WHAT YOU HAVE TO DO: Take the lines from the head of the listing through the one bearing "スリム メンズ Vネック" and copy them exactly, leaving every picture out.

■ ■ ■ ■ ■

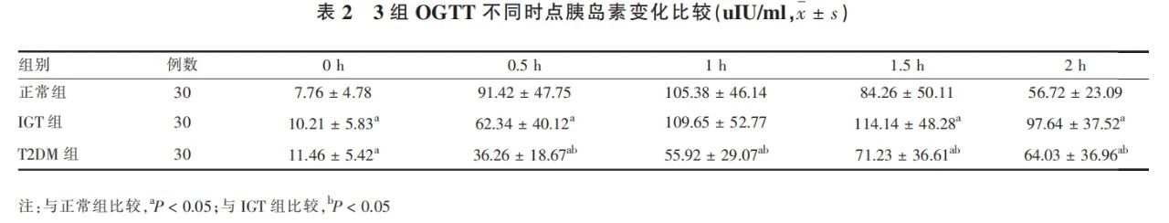 T2DM組在各時點平均血糖均高于正常組,在1h、1.5h和2h的平均血糖均高于IGT組,IGT組在0.5h、1h、1.5h和2h的平均血糖均高于正常組,差異均有統(tǒng)計學(xué)意義(P<0.05)。
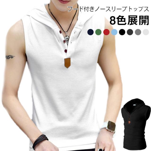 スリム メンズ Vネック タンクトップ フード付きTシャツ ノースリーブパーカー 夏用 ノースリーブtシャツ トップス ジムウェア スポーツタンク 細身 夏服 8色展開
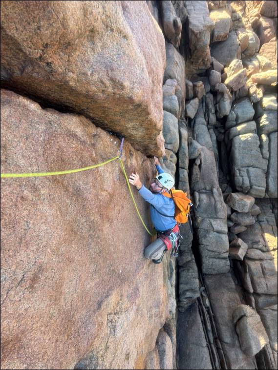 Being consumed in my own world, and making sure I could keep looking down at Rongy and Howsie when they were on lead, the growing numbers did not however noticeably chew into my social battery. Although I was probably not feeling as isolated as Howsie was when he led this gem. One that Craig may recall as being a tad sketchy and run out. At least this time it was not the belayer taking the images. Craig would also likely be the one to point out that in several images that the rock looks to be glistening, which put paid to any of those lofty goals:
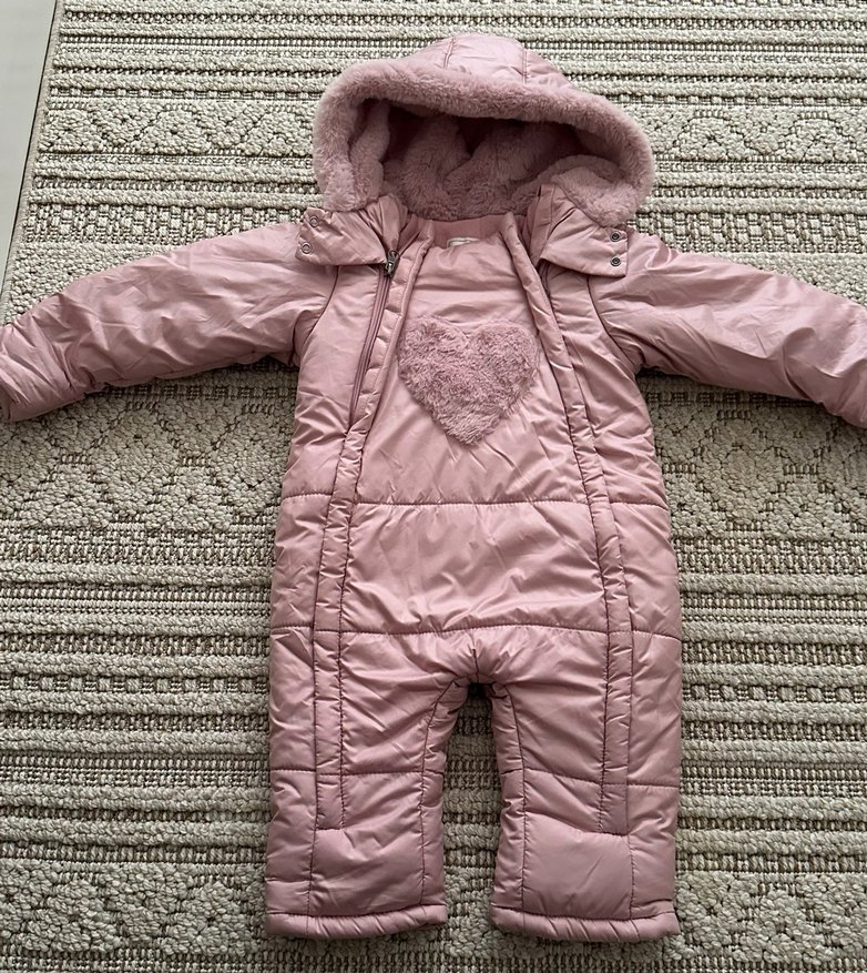 Kürklü detaylara ve nakışlı kalp desenine sahip pastel pembe bebek tulumu. Çentikli yaka ve yumuşak, sıcak kumaş kapüşon içerir. ❄️
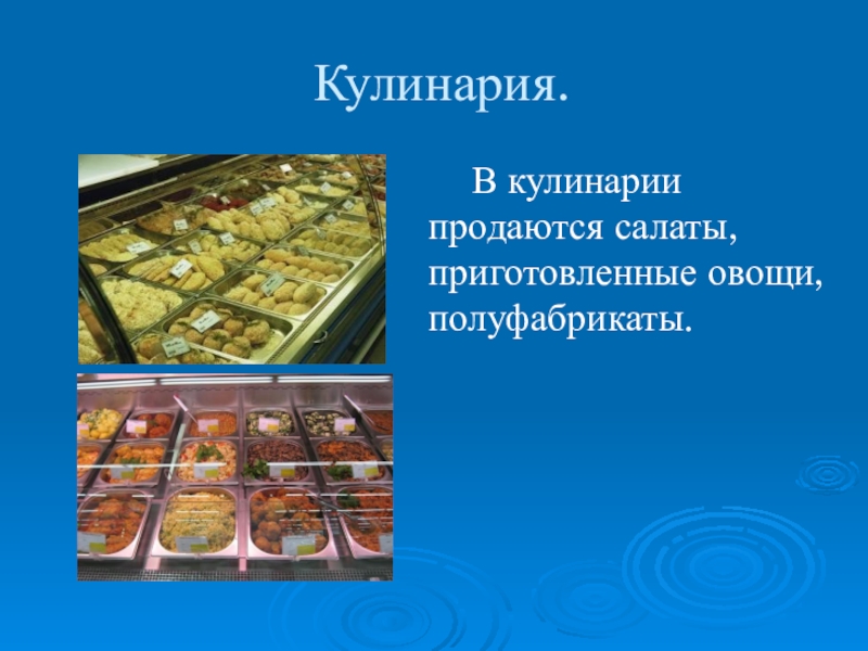 Кулинария.  В кулинарии продаются салаты, приготовленные овощи, полуфабрикаты.
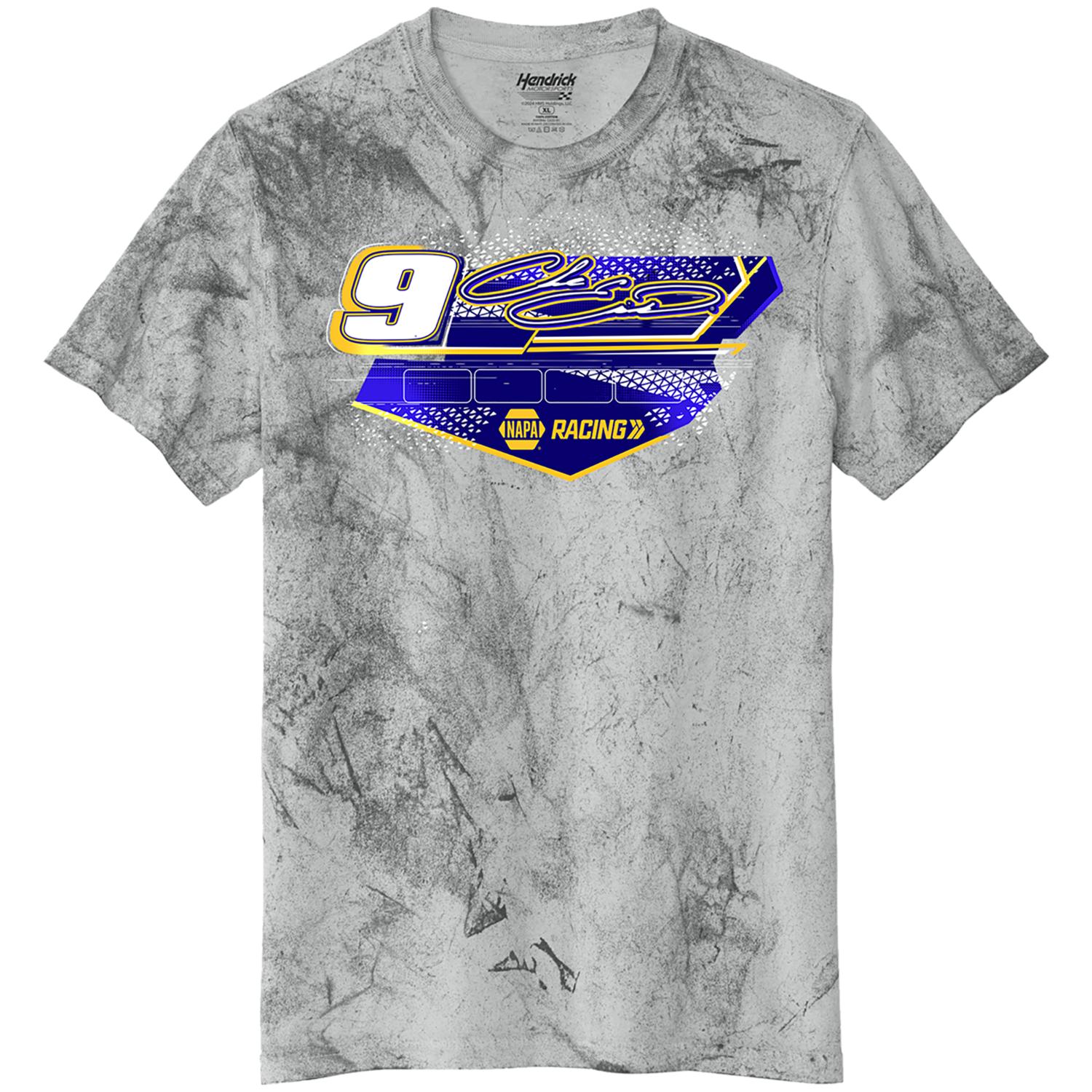 Stand out in style with the Chase Elliott #9 NAPA Colorblast T-shirt. This eye-catching tee features a vibrant colorblast design and bold #9 graphics, making it a must-have for any Chase Elliott fan. Perfect for race day or casual wear!
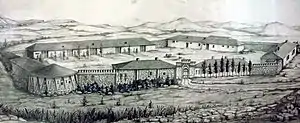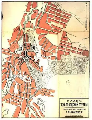 7 марта 1803 года вышел рескрипт Александра I о строительстве укрепления в месте, «где находятся у Кавказских гор кислые воды». В нём поручалось инспектору Кавказской линии князю П. Д. Цицианову «привести в действо укрепление сие, употребив на то воинских служителей»[25]. Крепость Кислые воды, принадлежащая Азово-Моздокской оборонительной линии, была возведена на возвышении между речками, получившими впоследствии названия Ольховка и Берёзовка, на расстоянии пушечного выстрела от источника нарзана. Строительство велось силами шести рот 16-го егерского полка из Константиногорской крепости с июня по октябрь 1803 года.
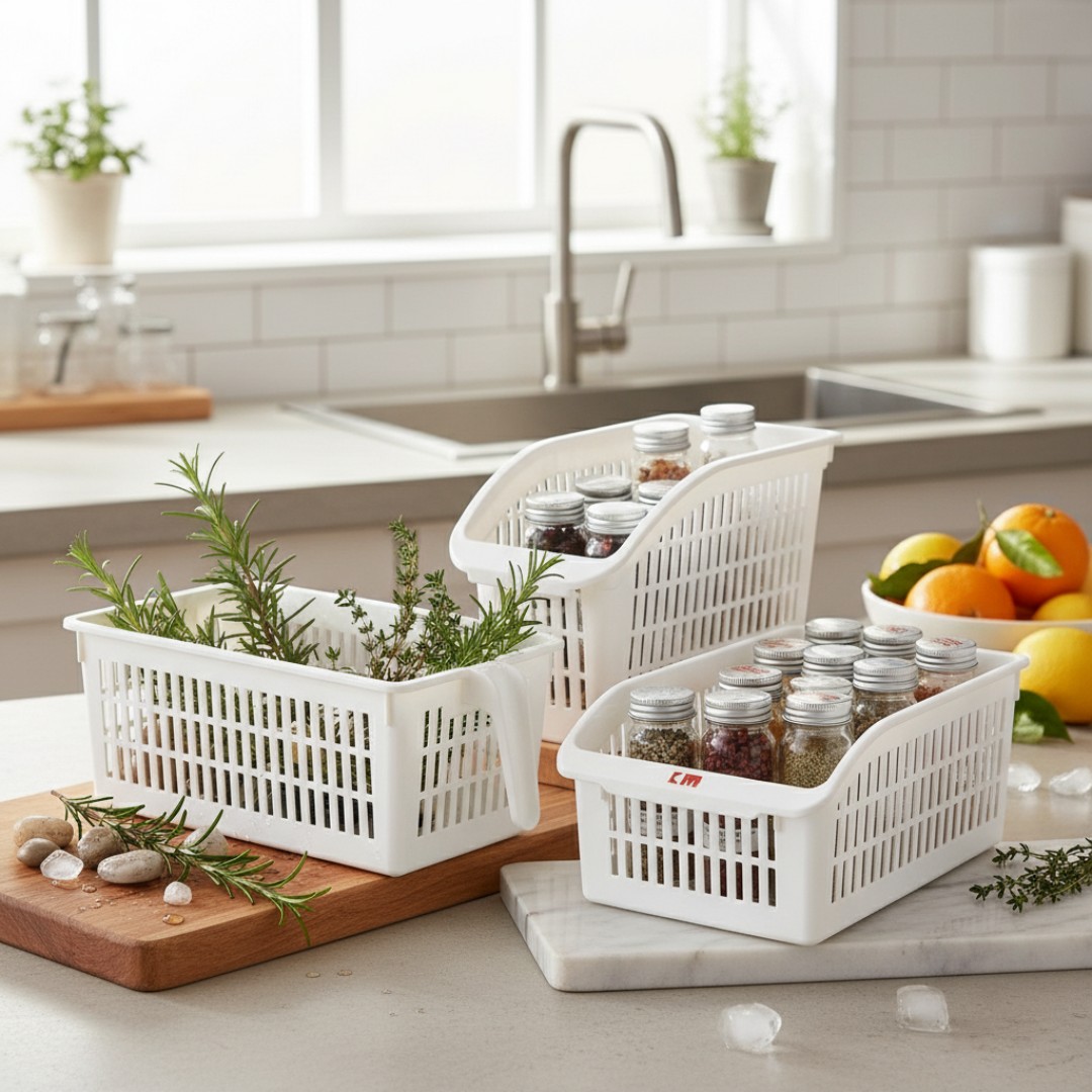 Multi-Purpose Storage Basket: Designed for organizing kitchen, fridge, pantry, bathroom, and household items, keeping essentials neatly arranged and easy to access.
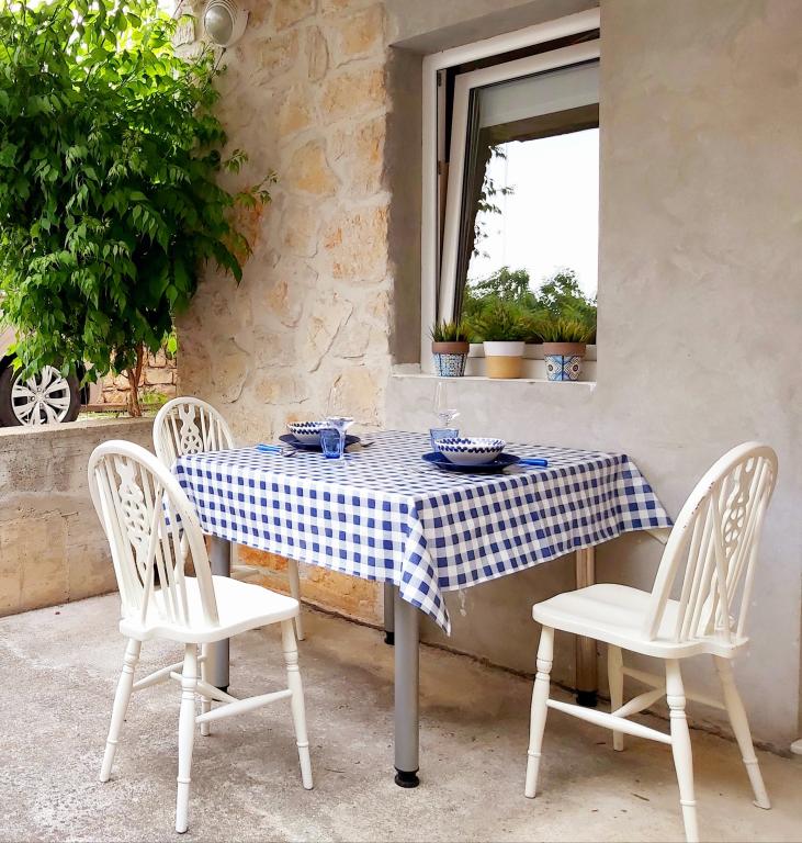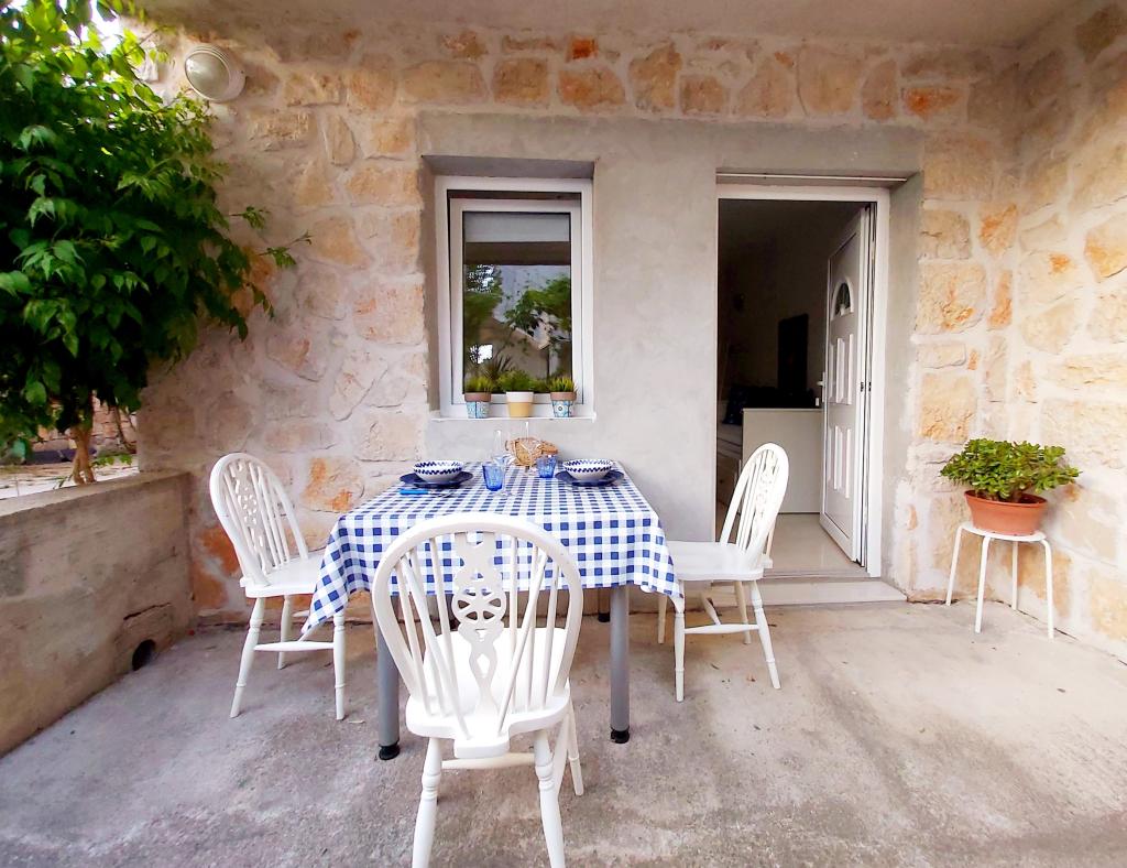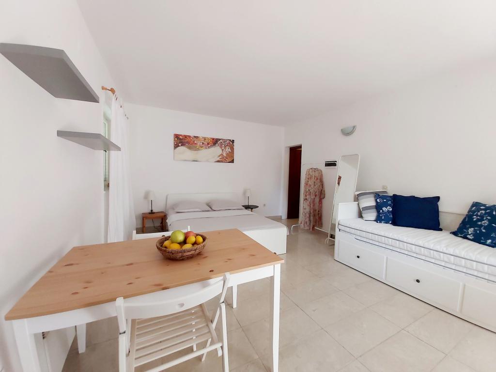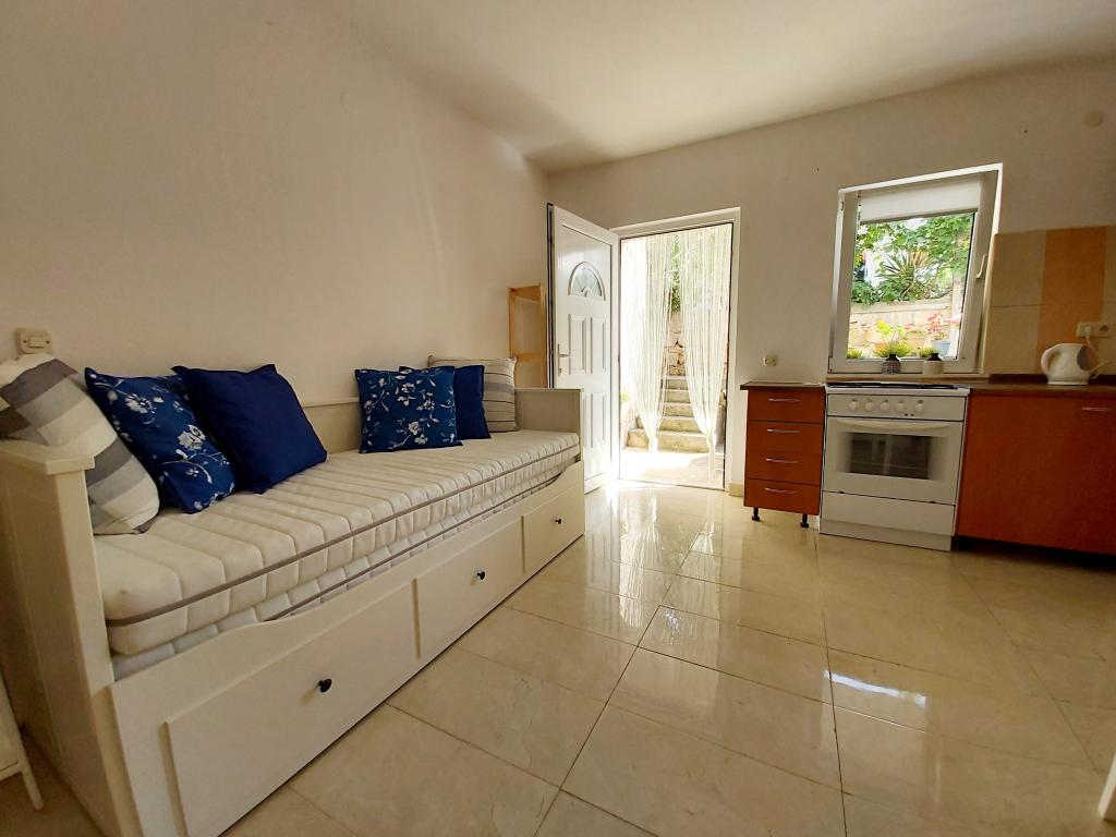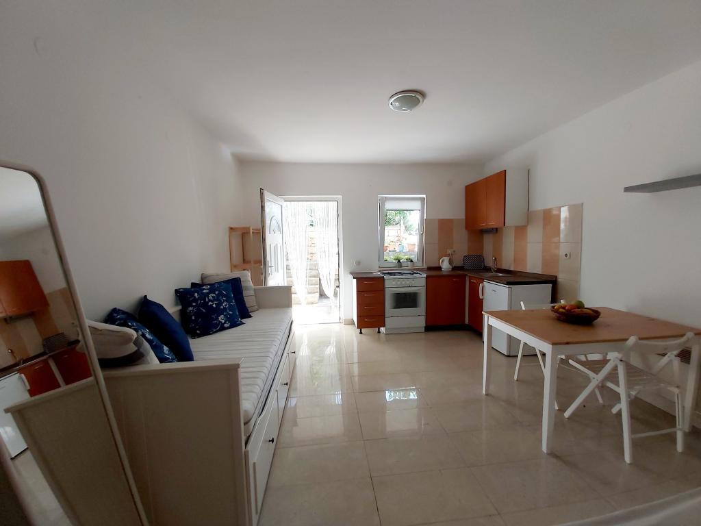 Stúdióapartman 12 m2-es terasszal. Az apartman 2 fő részére készült. Nagy franciaágy, teljesen felszerelt konyha, étkezőasztal, fürdőszoba. Terasz és étkezőasztal. Biztonságos parkolóhely az apartman előtt egy autó számára. Közel a strandhoz. Az apartman 5 perc sétára található a Slanica strandtól és 7 perc sétára Murter központjától.

■ ■ ■ ■ ■

OUTPUT FOR THIS EXERCISE:
 T2DM組在各時點平均血糖均高于正常組,在1h、1.5h和2h的平均血糖均高于IGT組,IGT組在0.5h、1h、1.5h和2h的平均血糖均高于正常組,差異均有統(tǒng)計學(xué)意義(P<0.05)。
 スリム メンズ Vネック タンクトップ フード付きTシャツ ノースリーブパーカー 夏用 ノースリーブtシャツ トップス ジムウェア スポーツタンク 細身 夏服 8色展開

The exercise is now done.